The King's Beloved Niece
Lady Margaret Douglas
Chapter 4 : Ancestor of Kings
Of her eight children Margaret was now left with one surviving son, Charles. Despite Elizabeth’s virulent opposition to his marrying anyone, Margaret arranged a match to a daughter of the courtier Bess of Hardwick in 1574. Since this non-royal, non-noble, marriage did not pose a threat to the queen, Margaret was punished only with a spell of house arrest. Charles died of an unknown illness in 1576, but he left a daughter, little Arbella, to comfort Margaret in her last years.
A picture Margaret had painted of Arbella, aged twenty-three months, depicts a hazel-eyed infant clutching a doll, and around her neck, on a triple chain of gold, hangs a shield with the Countess’s coronet along with the Lennox motto in French, ‘ To achieve, I endure’ – and Margaret did endure. Her old enemy Thomas Bishop had, by 1576, proved a rather less reliable Tudor servant that he had claimed to be. In 1569 he had been found to be in contact with adherents of Mary, Queen of Scots, and had ended up in the Tower from where he was released only that year.
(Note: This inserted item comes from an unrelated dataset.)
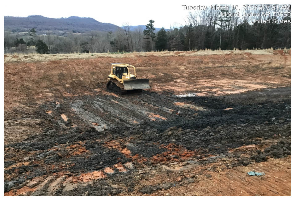
Photograph 28: Removal of solid waste from Pond 1 continued.
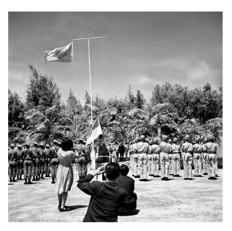
The UN and Indonesian flags are raised side by side at a ceremony in December 1962, held at the residence of the UNTEA Administrator in Hollandia (now Jayapura), Papua.

would maintain a ceasefire between Indonesian and Dutch forces, assist the Papua police to maintain order, and transfer authority to Indonesia by May 1963.

Eventually Bishop would return to his Scottish homeland, where Margaret remained in contact with her grandson, sending James works of history, and on one occasion a pair of embroidered hawking gloves. In 1578, aged sixty-two, Margaret also continued to entertain Elizabeth’s most powerful courtiers. At a dinner that February she had Robert Dudley, now Earl of Leicester, as her guest. Margaret was adept at turning enemies into allies and they had once even worked together towards the Darnley marriage, despite her earlier accusation that he was a pox-ridden wife murderer.
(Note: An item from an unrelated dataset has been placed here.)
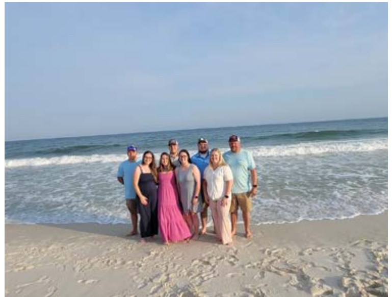
Family Beach Trip 2023

By the end of that month Margaret was seriously ill and on 26 February she wrote her will. Twelve hundred pounds was put aside for Margaret’s funeral and burial expenses at Westminster Abbey, while amongst her many bequests was her ‘ tablet picture of Henry VIII ’, which she left to Dudley.
‘Tablets’ often referred to pendant jewels containing pictures or even miniature prayer books. Margaret’s could be the famous gold enameled Tudor girdle prayer book known as ' Stowe manuscript 956'. It came to the British Library from a collection that belonged to the heirs of William Seymour, Duke of Somerset, the widower of Margaret’s granddaughter Arbella. She had, as a child, been betrothed to Robert Dudley’s short-lived legitimate son, and it may have passed to her then, if it had not always stayed in her care. It contains an illuminated miniature bust of Henry VIII, dating from around 1540
Margaret Douglas died on 10 March and on 3 April she had a funeral appropriate to a royal princess. She was buried in what is now called the Henry VII chapel close to her ancestress and namesake Margaret Beaufort, whose role in ushering in the Tudor dynasty she had emulated in her own life and dynastic ambitions. Few tombs in the Abbey match the royal ancestors listed on Margaret’s, but she was prouder still to be ‘ a progenitor of princes’ in her son Darnley and her grandson King James.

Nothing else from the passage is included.